Business intelligence (BI) is a process for analyzing data and delivering actionable information that helps all kinds of stakeholders in an organization to make informed business decisions.
What is BI Testing?
BI testing encompasses all testing activities within a BI landscape. In a BI landscape data is gathered from various sources and combined into a datawarehouse or datalake. The stored data is then used to gather information in some form of a report. Since a datalake is one big pool of unstructured data, testing in these environments is usually done by data engineers or data scientists who make use of the data directly from the data lake without any conversions. BI Testers focus mainly on structured environments such as datawarehouses.
Datawarehousing is the act of gathering data from various sources into a datawarehouse in order to use this data for business purposes, such as trends, insights in profits/costs or to make predictions about the future. A datawarehousing BI landscape consists of various stages, see figure 1.
Source: Data can come from all sorts of sources, most often it will be from various databases that are in use throughout the company, but can also include separate files, data coming from managed file transfers or from other databases through API's, etc.

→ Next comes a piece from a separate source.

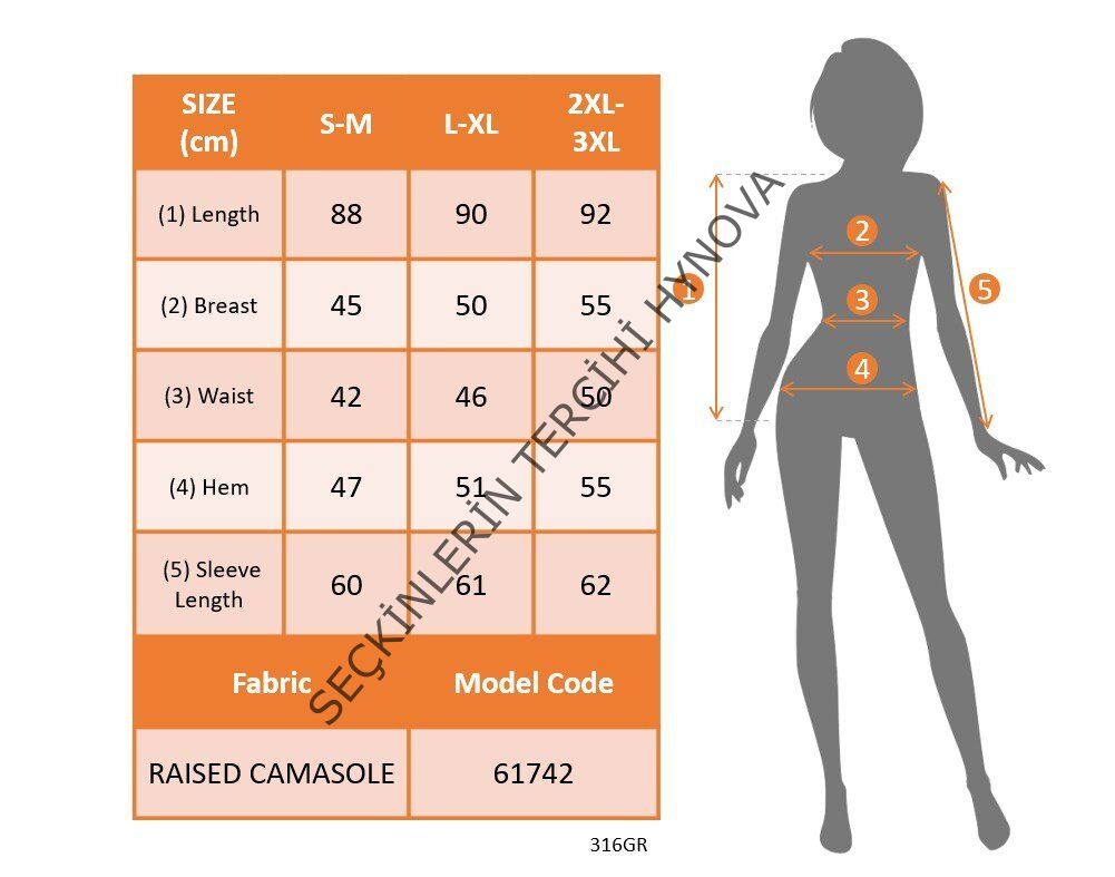 Modelin Ölçüleri: Boy:165, Kg:55, Göğüs:90, Bel:72, Kalça: 100

Datawarehouse (Extract-Transform-Load ‘ETL’): Data gets extracted from the sources and stored in a datawarehouse. In general, this data is first placed in a staging environment. For the data to get loaded into the actual datawarehouse it will most likely need to be cleaned and transformed in order to be tied together to create a single point of truth. In some environments the data goes to a second staging area after the transformations before moving on to the actual datawarehouse in production. Though the more common approach is to do the cleanup and transformations while moving the data from the source staging to the final datawarehouse.
Data marts: Data marts are designed to show smaller subsections of the data stored in the data warehouse. This is usually done for performance and/or security reasons. The data can undergo further transformations or get enriched with more data to get more suitable information.
Dashboards/Reports: Interesting data analytics will be presented to people and departments in the form of dashboarding or reports. Tools designed for dashboarding/reporting are directly connected to the data in the datawarehouse. Authorization rules will most likely be applied here as the users generally access the data through these tools.
Data management/audit trail: For security and privacy purposes data management and auditing should be in place. Think of the GDPR rules stating that for instance a user has the right “to be forgotten”, this means that data needs to be traceable across the stages.
|Note that not all datawarehousing landscapes will look the same. Not all environments support a second ‘common staging’ area and not all clients make use of data marts. The datawarehouse can also be a in the form of a Data Vault. And ETL is sometimes reversed as ELT where data is first loaded into the datawarehouse and then transformed. This building block however, will focus on the landscape described in figure 1 but it’s important to understand that variations to this landscape are possible.
Testing in a BI landscape
Testing in a BI landscape is done mostly based on the various environments that are also mentioned in figure 1.
Staging area: Is the data complete? Are there no records doubled? Is the quality sufficient? are all fields from the sources accounted for in the STM (source-to-target mapping)? Do they have the right qualities for the transformations? See also building block: Data Profiling.
Datawarehouse (core): Are the transformations executed correctly? Is everything loaded correctly into the datawarehouse? No missing data or duplicates? Is the quality acceptable? See also building block: Data Quality.
Data marts: Do the data marts contain the required data (and nothing more)? Is the data correctly loaded? If applicable: are the transformations executed correctly?
Dashboarding/Reporting: does it show what the business asked for? In an understandable fashion? Are the calculations done on the correct fields? Is authorization implemented correctly?
Data management/auditing: Is auditing in place? Can records be fully removed (“forgotten”)?
Testroles and skills
Based on the testing activities three BI testing roles can be discerned with each its own focus and skills:
In practice however, a BI test team is often asked to perform all roles as the project advances:
=> The BI test team is first asked to test the migration from source to staging and to check the data quality.
=> Then to test the ETL transformations and the final data quality in the datawarehouse (and data marts)
=> And last, to check that the reports and dashboards are showing the correct information.